— Exercise description —
Once the pictures are set aside, copy the data below exactly as it stands.

### Task material

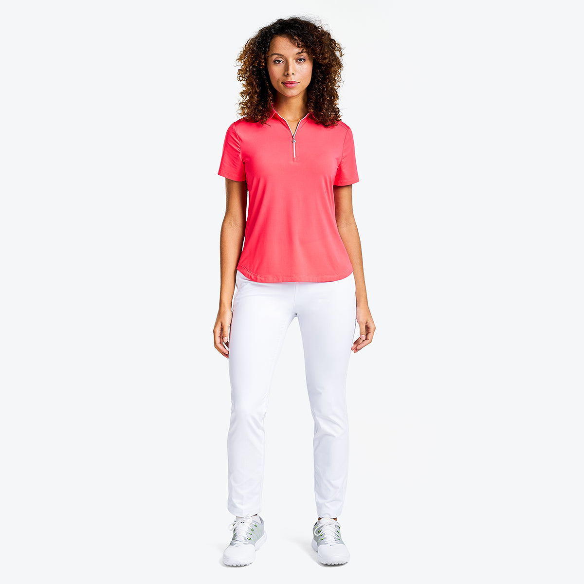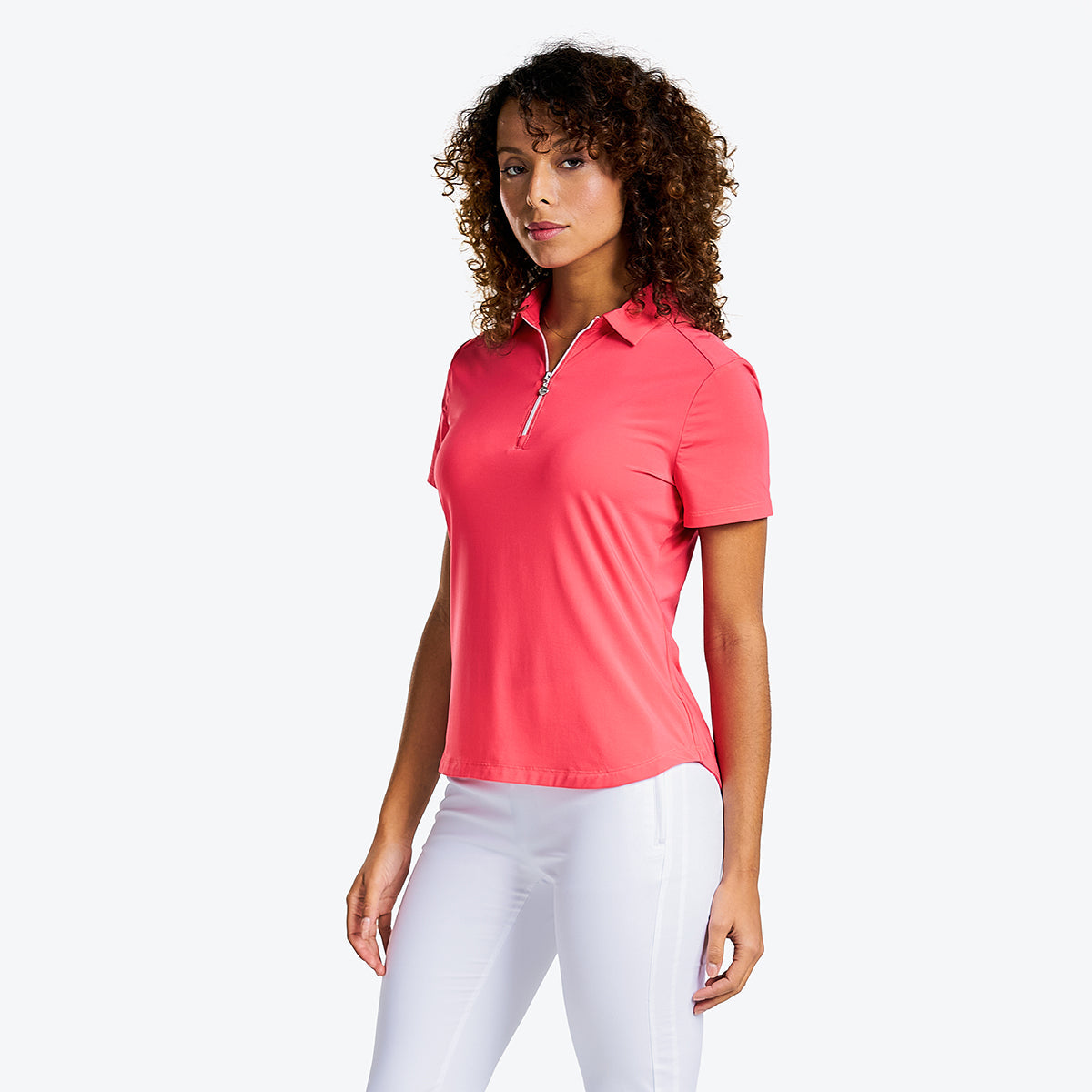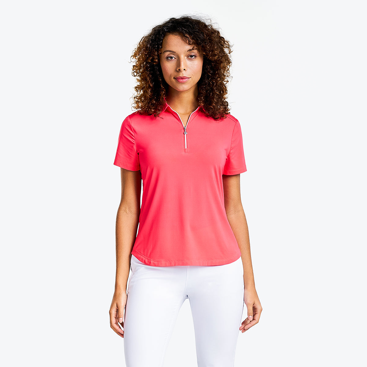 The Naila golf polo from NVO protects you from the harmful sun’s rays thanks to its UPF 30+ properties. You can enjoy long warm days on the green and be comfortable thanks to its quick dry and moisture-wicking fabric. Odours are neutralized, and air can freely circulate so that you feel fresh and focused on your game. Plus, the lightweight jersey is soft and light, which keeps you cool!
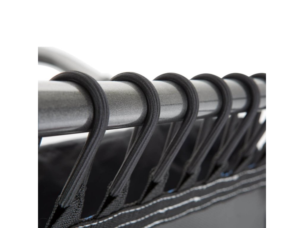 Elastické šnúry prvotriednej kvality ElastoPro ponúkajú super silnú a rovnomerne rozloženú pružnosť a zaistia vašu bezpečnosť počas tréningov. Trampolína HAMMER Fitness Cross Jump má dlhú životnosť zaistenú použitými materiálmi ako na elastické šnúry, tak aj vlastnú skákaciu plochu, ktoré navyše prešli záťažovými testami s viac ako 200 000 simulácií skokov. Nosnosť trampolíny je až 130 kg.
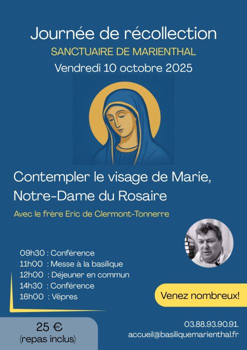 Cette récollection est une belle occasion de se mettre à l’écoute de la Parole de Dieu, de méditer le Rosaire et de contempler le visage de la Vierge Marie.
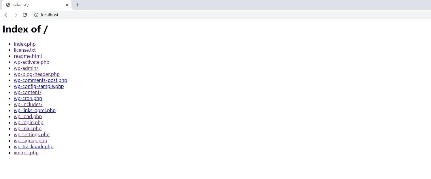 如果在安装Wordpress的过程中,出现类似**Index of /**的文件列表页面,如下图:
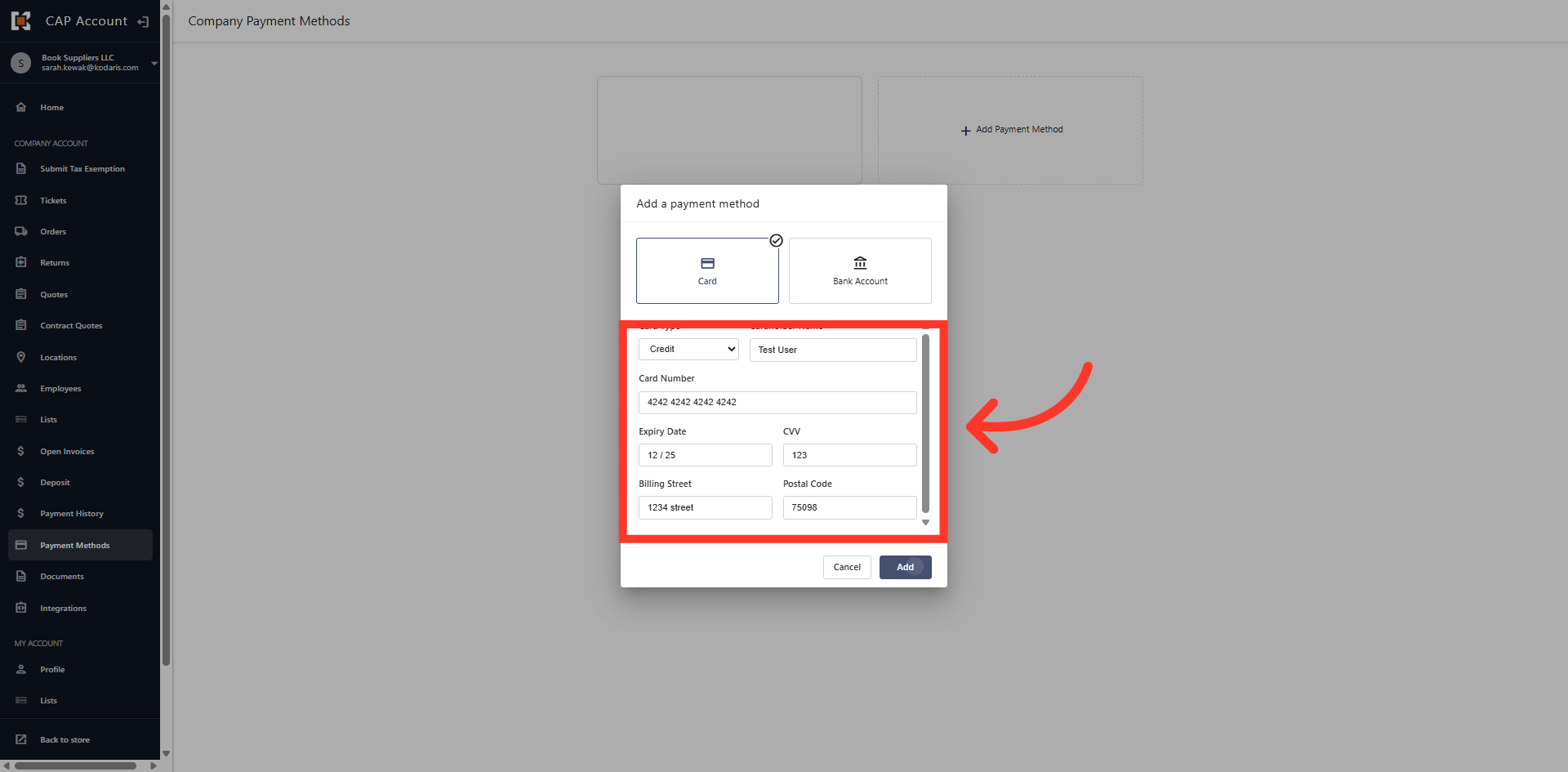 Add the card details and Click the "Add" button to save.
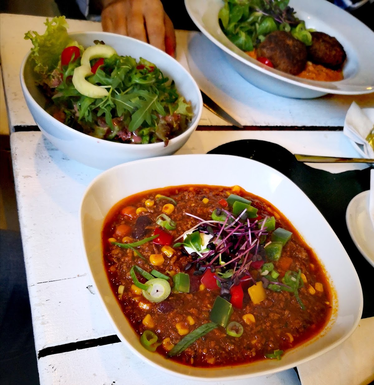 We had meatballs mit mashed potatoes and Salat (13€), Salat with salmon, chilli con Carne and pasta with black olive pesto (8,50€). For drinks minz peppermint tea.
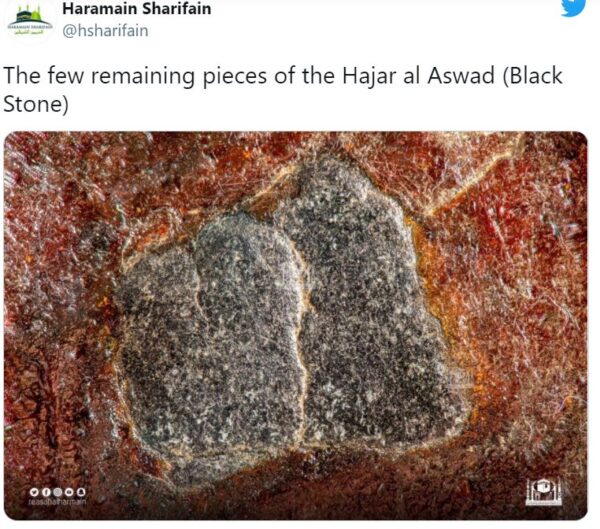 Batu Hajar Aswad dibingkai dengan perak di sudut tenggara Kaabah, bangunan berbentuk kubus yang dibangun oleh Nabi Ibrahim dan puteranya, Nabi Ismail.

######

— Response —
 The Naila golf polo from NVO protects you from the harmful sun’s rays thanks to its UPF 30+ properties. You can enjoy long warm days on the green and be comfortable thanks to its quick dry and moisture-wicking fabric. Odours are neutralized, and air can freely circulate so that you feel fresh and focused on your game. Plus, the lightweight jersey is soft and light, which keeps you cool!
 Elastické šnúry prvotriednej kvality ElastoPro ponúkajú super silnú a rovnomerne rozloženú pružnosť a zaistia vašu bezpečnosť počas tréningov. Trampolína HAMMER Fitness Cross Jump má dlhú životnosť zaistenú použitými materiálmi ako na elastické šnúry, tak aj vlastnú skákaciu plochu, ktoré navyše prešli záťažovými testami s viac ako 200 000 simulácií skokov. Nosnosť trampolíny je až 130 kg.
 Cette récollection est une belle occasion de se mettre à l’écoute de la Parole de Dieu, de méditer le Rosaire et de contempler le visage de la Vierge Marie.
 如果在安装Wordpress的过程中,出现类似**Index of /**的文件列表页面,如下图:
 Add the card details and Click the "Add" button to save.
 We had meatballs mit mashed potatoes and Salat (13€), Salat with salmon, chilli con Carne and pasta with black olive pesto (8,50€). For drinks minz peppermint tea.
 Batu Hajar Aswad dibingkai dengan perak di sudut tenggara Kaabah, bangunan berbentuk kubus yang dibangun oleh Nabi Ibrahim dan puteranya, Nabi Ismail.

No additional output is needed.